Thomas gazed out from the windscreen of his car. The inky night was clouded over. Without its gleaming stars, it appeared dead, uncaring and empty. The streetlights were like spotlights casting a harsh glare upon him with their pale eyes. Thomas glanced back to his girlfriend in the back of the car, he thought back to the house, had he cleaned everything sufficiently? Surely he had, he was just being paranoid he told himself.
Thomas looked at his meter. His engine was gasping for petrol to continue, he knew he would have to stop, to halt their escape. He moaned with worry. No, no, he couldn't succumb to anxiety now, there was still the note. The note that would tell them all that he and his girlfriend, his beloved Charlotte, had eloped together and were starting a new life, a life free of the pressures that had crushed Charlotte for so long. Her parents never understood her like he had, thought Thomas. He remembered a all the nights she had cried into his arms about her mother's cutting words that stabbed like needles, or her father's constant disapproving stare. They had planned this escape for so long.
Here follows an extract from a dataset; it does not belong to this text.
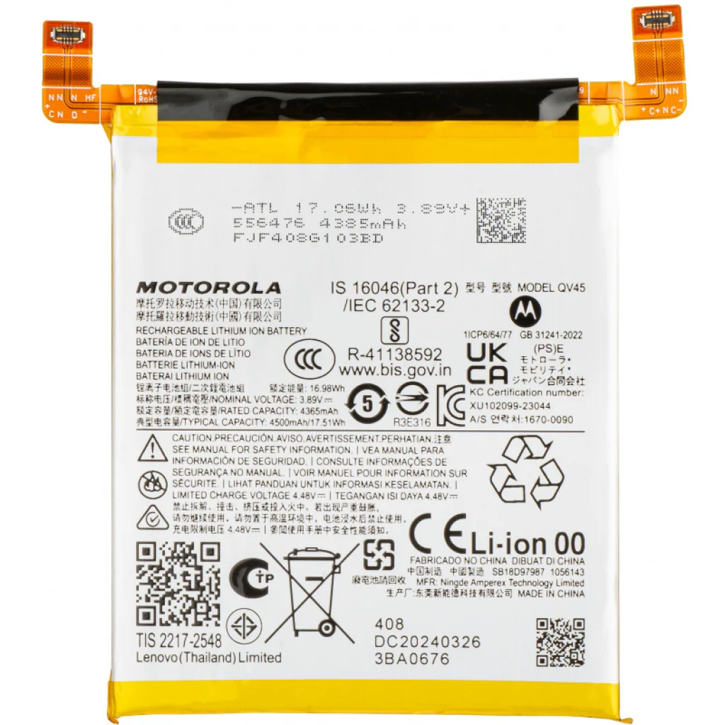 Akkumulátor QV45 Motorola Edge 50 Ultra készülékhez. Motorola licenc alapján készült pótalkatrész, amelyet a telefonod meghibásodott akkumulátorának cseréjére használhatsz. Cseréld ki a régi akkumulátort, és szereld fel telefonodat egy új, eredeti akkumulátorral, amely biztosítja számára a szükséges energiát.

The petrol station was just ahead. The cameras that hid on the cold concrete walls would soon document his location. NO! Thomas thought, stop this, they'll forget you as soon as you leave and nobody will ever find either of you. Breathing heavily as he refilled his car, and entered the station. Every step sent spears of dread through him, the lady at the counter would surely notice his skaky movements, the bags that rested beneath his eyes. But she did not react and he left the station shaking like a boy leaving bed at night, afraid of the monsters that might reach out and grab him.
Again on the road, Thomas remembered when he and Charlotte had first met, the snowy day she had moved in next to him. They had so much in common, and despite everything, she radiated joy. He loved her so much, and the day that he found out that she felt the same was the happiest day of his life. Thomas couldn't help but glance back at her and smile at the memories they had painted in their minds together.
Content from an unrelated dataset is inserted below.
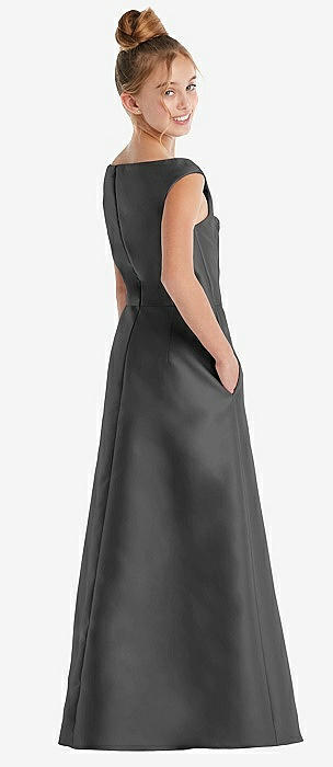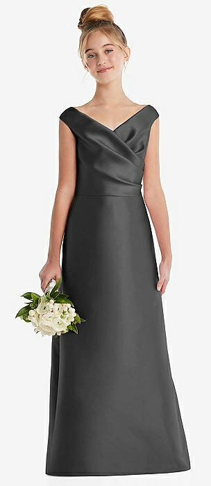 Off-the-Shoulder Draped Wrap Satin Junior Bridesmaid Dress

Exhaustion grasped at Thomas' eyelids, and his vision began to swirl into a drunken stupor, but he wouldn't stop. Not now. Every driver he passed seemed to be... glaring? Did they know? Why were they glaring? They didn't know. They couldn't know. What right did they to cast judgement on him? They couldn't understand. But why did they watch him like this? And the trees. The Winter corpses whose bodies shone with a ghostly glow in the headlights of his car, like skeletal arms reaching out from the ground. What was between them? Thomas could see dark figures watching him in slips of darkness that lurked between the trees. He knew they were there. They were watching him. No... No. He had to ignore them they couldn't truly be there.
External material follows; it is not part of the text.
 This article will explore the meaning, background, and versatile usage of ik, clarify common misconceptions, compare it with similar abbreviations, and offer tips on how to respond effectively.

Thomas needed to distract himself. He recalled his and Charlotte's trip to Oxford, they were so happy, so free. But then the arguments. The blazing rows. Searing red pokers of rage ran through him at the memories, doused with a cold wash of sadness and regret. They had planned so much. They were going to escape everything, but she backed out, she couldn't do it she said. He was so angry, he thought she had betrayed him. Thomas remembered this morning. The morning he saw sense, he was going to apologise and everything would be okay again. He remembered the packed bags and how she told him she was leaving. He remembered how desperate he was to stop her, to explain himself.
He remembered what happened next.
The car stopped. They were here. Thomas turned to Charlotte in the back. He saw her face pictured her smile in his head. The smile that was now frozen in shock and fear. The red thag dribbled down her forehead clashed with the sickly white shad that her face had turned.
'She's dead.' Thomas said out loud. He hadn't said it before. He hadn't fully accepted what he had done until now. The paranoia had clouded his mind.
Looking into the crystalline lake, Thomas' mind cleared into clarity. Nobody was watching him. Nobody was coming. Not after the note he left. The thought sprung tears to his eyes, tears that crawled down his cheeks like insects on a corpse. He wept with sorrow, a pathetic heap of self-pity. But he was safe. He knew that. Nobody could see him.
Except he was wrong.
Somebody saw him.
A hunter watched as a man dragged a corpse up to a lake, put rocks in her clothes and threw her into the deep waters. The hunter scribbled down the man's license plate and retreated into the safety of the shadows.
Thomas sat slumped in a chair. He was in a room of the Ridgewood Inn. He hadn't slept in days. He couldn't eat. He couldn't only think of her. What he'd done to her. Thomas heard voices in the hall. Footsteps on the stairs. Coming closer. Closer. Then. A knock upon his door.